Here’s a short shopping list for a complete garden furniture maintenance kit:

  • Fairy washing-up liquid — your primary cleaner for everything (about £1-2)
  • White vinegar — for mould, algae, and general disinfecting (about £1 per litre)
  • Bicarbonate of soda — for stain removal on plastic and fabric (about £1)
  • Barrettine Teak Oil — for teak and hardwood (about £12-15 per litre)
  • Cuprinol Garden Furniture Stain — for softwood (about £10-15)
  • Hammerite Direct to Rust paint — for metal touch-ups (about £10-14)
  • Autosol Metal Polish — for aluminium oxidation (about £5-8)
  • HG Garden Furniture Cleaner — all-purpose outdoor furniture spray (about £6-8)
  • Soft-bristle brush, sponge, lint-free cloths — your basic toolkit
  • 120-grit and 240-grit sandpaper — for wood and metal prep

Total cost: about £60-80 for everything, and most of it lasts multiple seasons.

Common Mistakes to Avoid

Using a pressure washer on everything. Pressure washers are fantastic for patios and decking but terrible for most furniture. They strip oil from wood, shred rattan weave, blast paint off metal, and warp thin plastic. If you must use one, keep it on the lowest setting with a wide fan nozzle, and stay at least 30cm away.

Leaving cleaning until the furniture looks bad. By the time you see green algae, it’s been growing for weeks and has worked into the surface. A quick wipe-down every few weeks during summer prevents the heavy-duty scrubbing sessions.

Skipping the drying step.

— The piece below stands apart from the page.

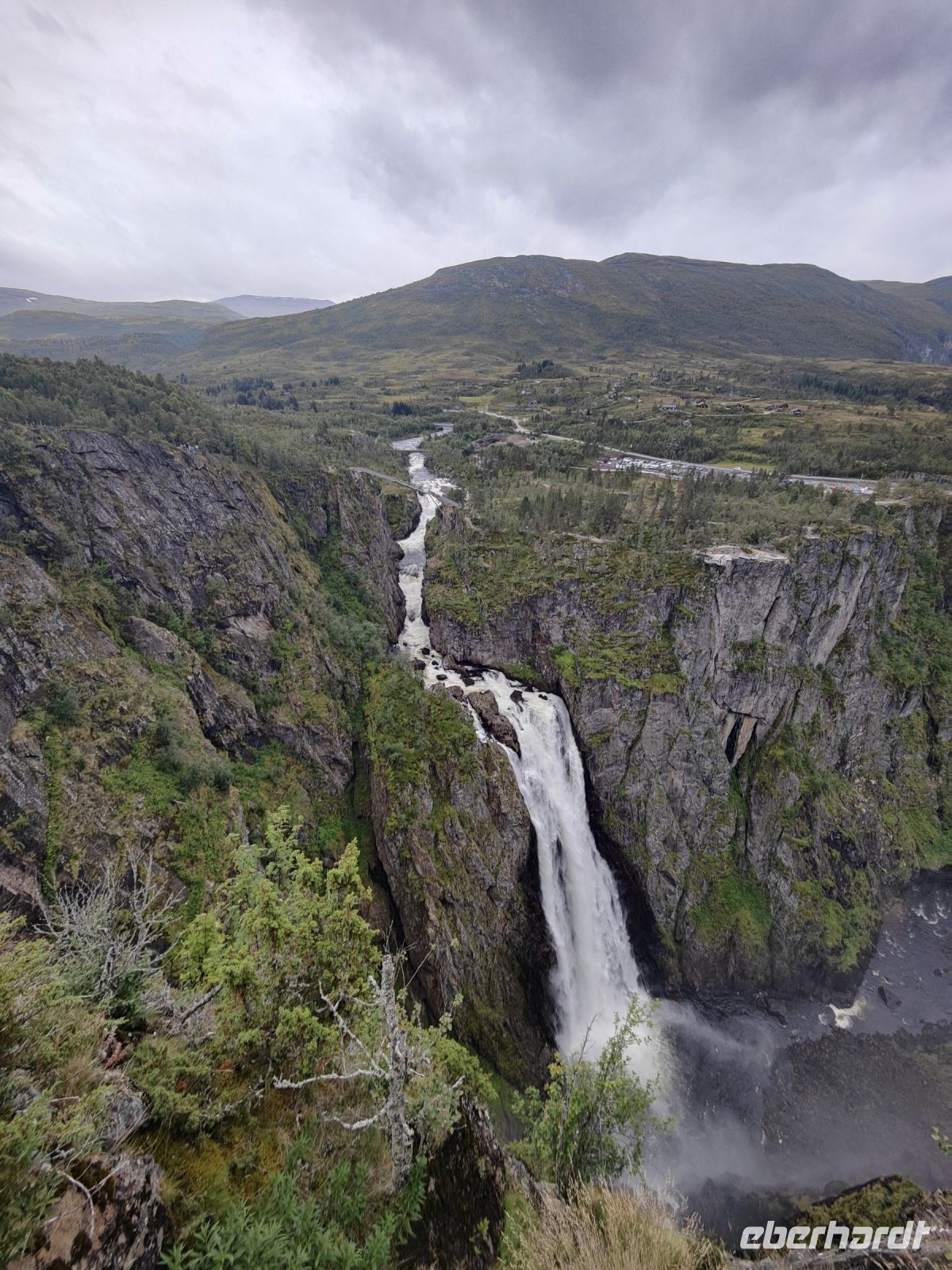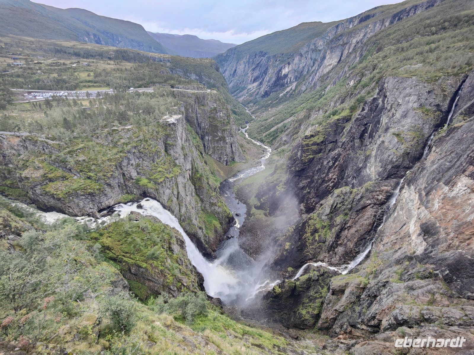 Ein Meisterwerk von Tunnels und einer Brücke stellt die 2013 vollendete Hardangerbrücke dar: durch einen Tunnel mit einem Kreisverkehr(!) gelangt man direkt auf die mächtige Brücke und verlässt sie auf der anderen Seite wiederum durch einen Tunnel mit Kreisverkehr. Beeindruckend. Wir legen mit Blick auf die Brücke unsere Mittagspause ein, bevor es weitergeht in die Hardangervidda. Die größte Hochebene Europas erstreckt sich auf einer Höhe von 1200-1400 Metern über 8000 km². Eine der bekanntesten Sehenswürdigkeiten liegt östlich von Eidfjord und wird durch mehrere Tunnels, die sich in Serpentinen den Berg hinaufschlängeln, erreicht. Der gewaltige Vøringsfossen stürzt hier 183 Meter in die Tiefe, wo der Fluss Bjoreio dann durch eine steilwandige Schlucht Richtung Fjord fließt. Von mehreren Plattformen aus kann man die Aussicht genießen.

Applying oil or preserver to damp wood traps moisture inside and causes bubbling. Painting over damp metal traps moisture under the paint and accelerates rust. Always let things dry completely first.

Using household furniture polish outdoors. Mr Sheen and similar sprays leave a slippery film that attracts dirt and makes surfaces dangerously slick when wet. They’re designed for indoor use on dry surfaces.

Storing dirty furniture. Dirt left on furniture over winter attracts moisture, harbours mould, and stains surfaces. The 30 minutes you spend cleaning in October saves hours of restoration in April. Ask me how I know.

Making It Easy

Look, nobody’s going to maintain a military-grade maintenance schedule for garden chairs. The realistic version is: clean everything properly once in April, keep it roughly clean through summer, and clean it again before covering it in October. That’s three sessions a year, maybe 30-45 minutes each. Do that and your furniture — whatever the material — will look good and last years longer than it would otherwise.

The one thing that makes the biggest difference, above all else, is a proper fitted cover from October to April. If you do nothing else on this list, do that.